John Miller: Practicing at Kyoto University Karate Club

For my CIP, I knew I wanted to do something involving martial arts. I had done Kendo for a year in college and had train in Karate for many years through junior high school and high school. While in Kyoto I unfortunately was not able to do a Kendo circle, as they were unable to lend me any gear. When finding a Karate club, I wanted to find a place that, given the many variations of karate, was something I was somewhat familiar with. I ended up joining Kyoto University’s Seido Karate circle. It meets twice a week for a two hour practice, which is much more laid back than several clubs I found that met for 3 or 4 times a week with longer practice times.
I found everybody to be very nice. My Kaiwa partner is also a member which is very nice. As the official University teams are off limits to non students, the circle has a large number of foreigners as well. Despite this, I appreciate that the lessons are taught only in Japanese.
The instructor is named Yamashiki Sensei. He often tries to speak English to me. Although there is an instructor assigned for our club, being a circle it is largely run by the students and in particular the club leader or bucho. While the flexibility of the club is nice, it could be better organized.

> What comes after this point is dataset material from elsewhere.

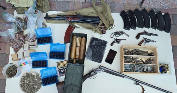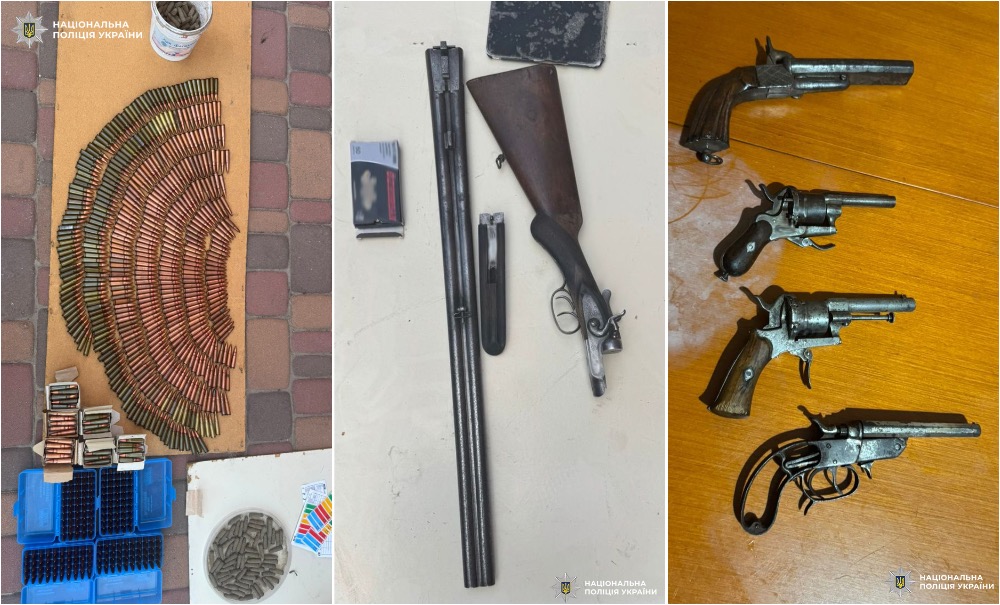 Під час обшуку вдома у 51-річного чоловіка вилучили чотири револьвери, автомат Калашникова, мисливську рушницю, чотири гранати, вибухові пакети, понад тисячу набоїв різного калібру, магазини та інші речові докази. Усе відправили на експертизу.
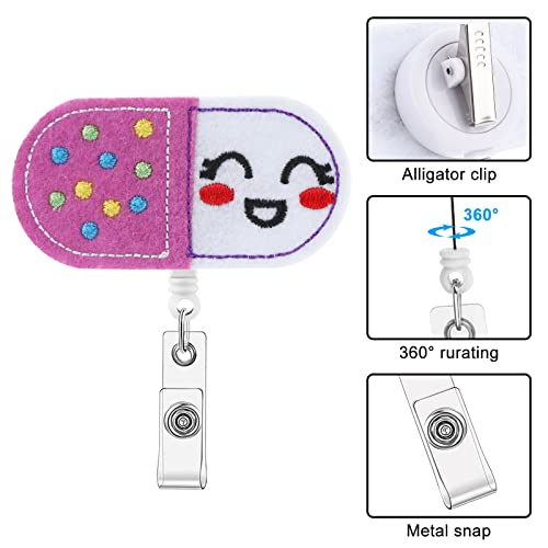 Stile interessante: bobina per badge infermiera progettata a forma di pillola, benda e siringa, tutti hanno espressioni carine, accattivante ed elegante, adatto per medici e infermieri, può far sentire le persone rilassate dopo averle viste

In the US, we trained in kata which is a sequence of predetermined movements. That practice was done as a group with detailed instruction from the teacher. However Kyoto University’s circle is much more focused on kumite or partner training.
Japanese club culture is very strong. After deciding on a particular club or circle, you are expected to maintain a degree of loyalty to the group. However being accepted into the group is very rewarding.

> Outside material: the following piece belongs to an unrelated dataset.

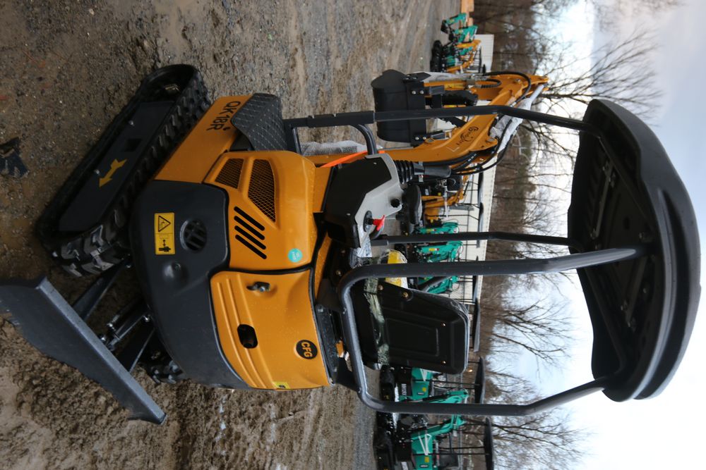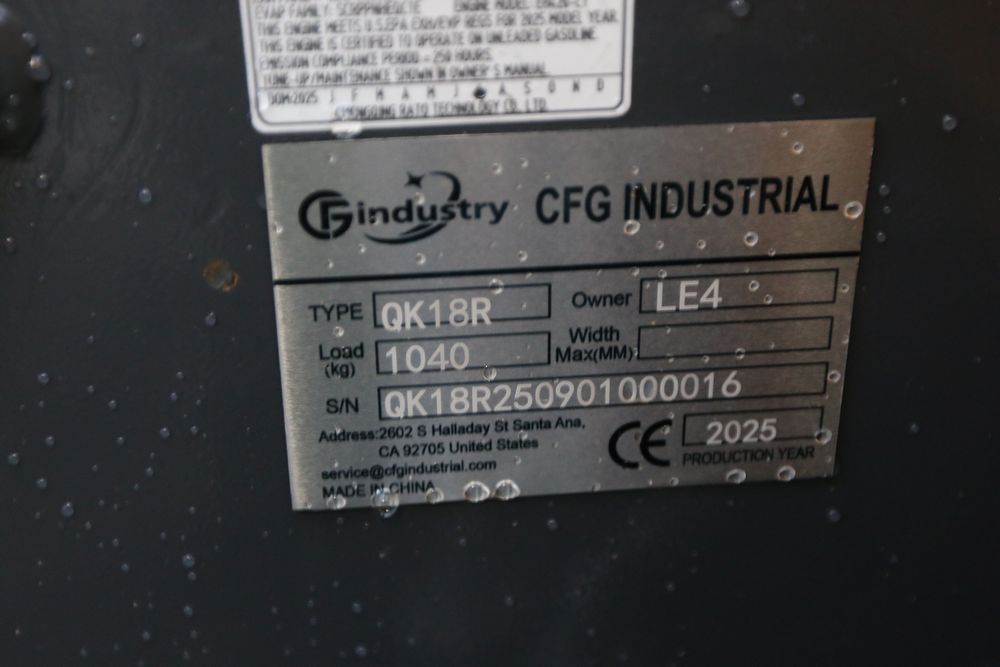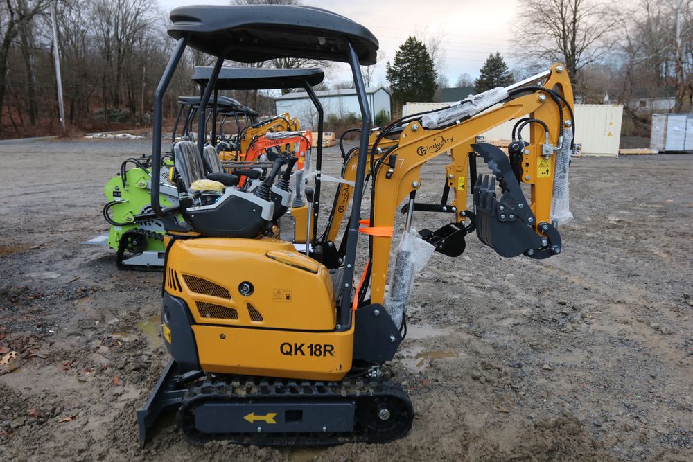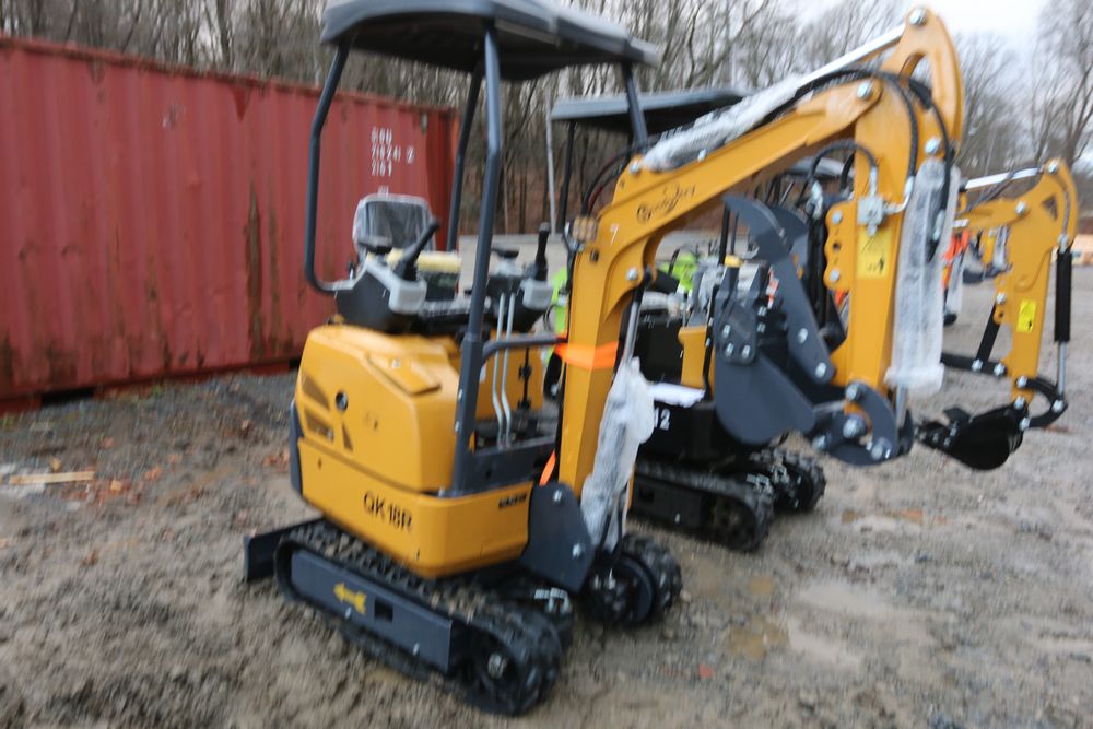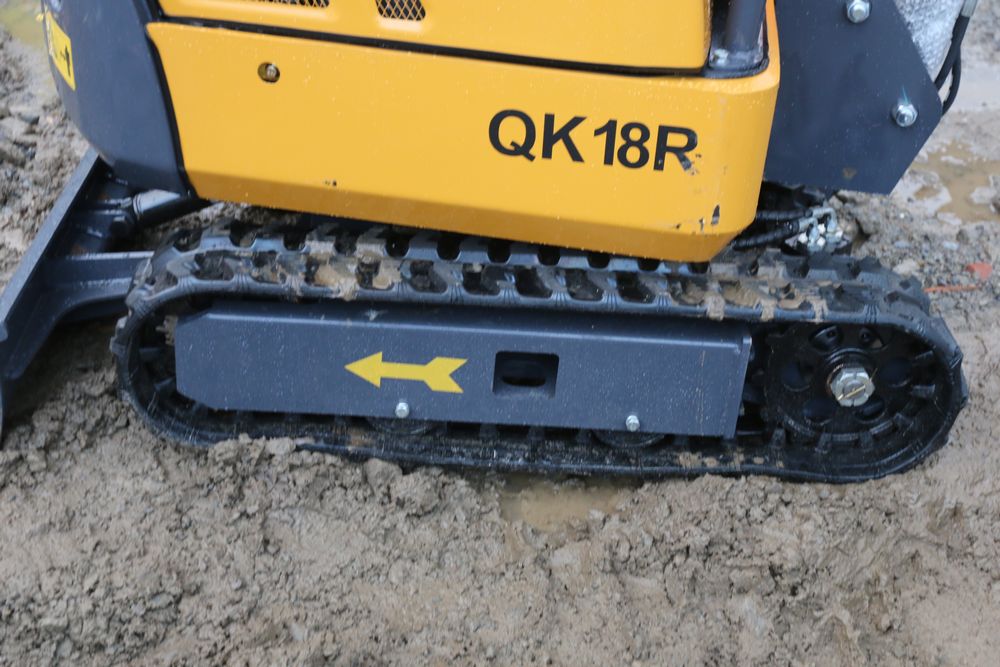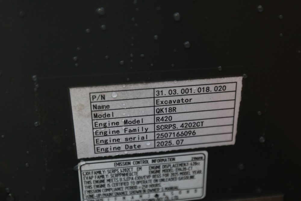 New 2025 CFG mini excavator, model QK18R, RATO, 13.5HP, 8.6KW, with pilot system, hydraulic thumb, rubber tracks, dozer blade, and gasoline engine. Hours reading less than one hour.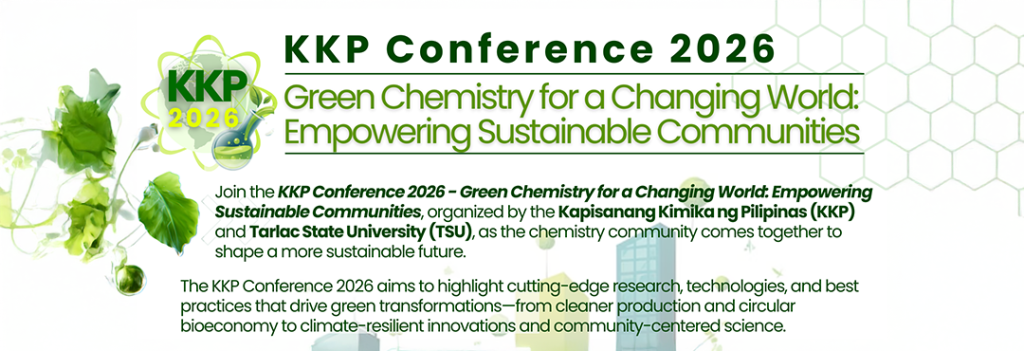 The Kapisanang Kimika ng Pilipinas (KKP), in collaboration with Tarlac State University (TSU), is proud to host the KKP Conference 2026. As our global communities face unprecedented environmental challenges, the role of chemistry has never been more pivotal. This conference is a call to action for chemists, researchers, students, and sustainability advocates to share innovative, socially responsive solutions.

I am looking forward to the end of the year’s bonenkai which is typical for Japanese clubs or businesses.
Training twice a week in Karate has been a good addition to my stay in Kyoto.

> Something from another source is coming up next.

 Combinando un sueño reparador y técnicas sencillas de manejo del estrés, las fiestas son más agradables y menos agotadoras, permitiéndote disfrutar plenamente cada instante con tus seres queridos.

John Miller: Practicing at Kyoto University Karate Club” への2件のコメント

  1. You said that the club is mostly foreigners, so do the Japanese students that go there speak English? Is the high percentage of foreigners one of the draws of the club?

    • Actually most of the Japanese kids do not speak English. The Chinese kids speak Japanese well. There is a French guy who speaks Japanese well also. However the Canadian and the German exchange student do not speak Japanese. The club is have distinct cliques between the Japanese kids who do not speak English and the foreigners and the Japanese kids are more interested in foreigners.
      When I began the semester, there were actually not very many foreigners. It has only been in the second half of the semester that more began coming in.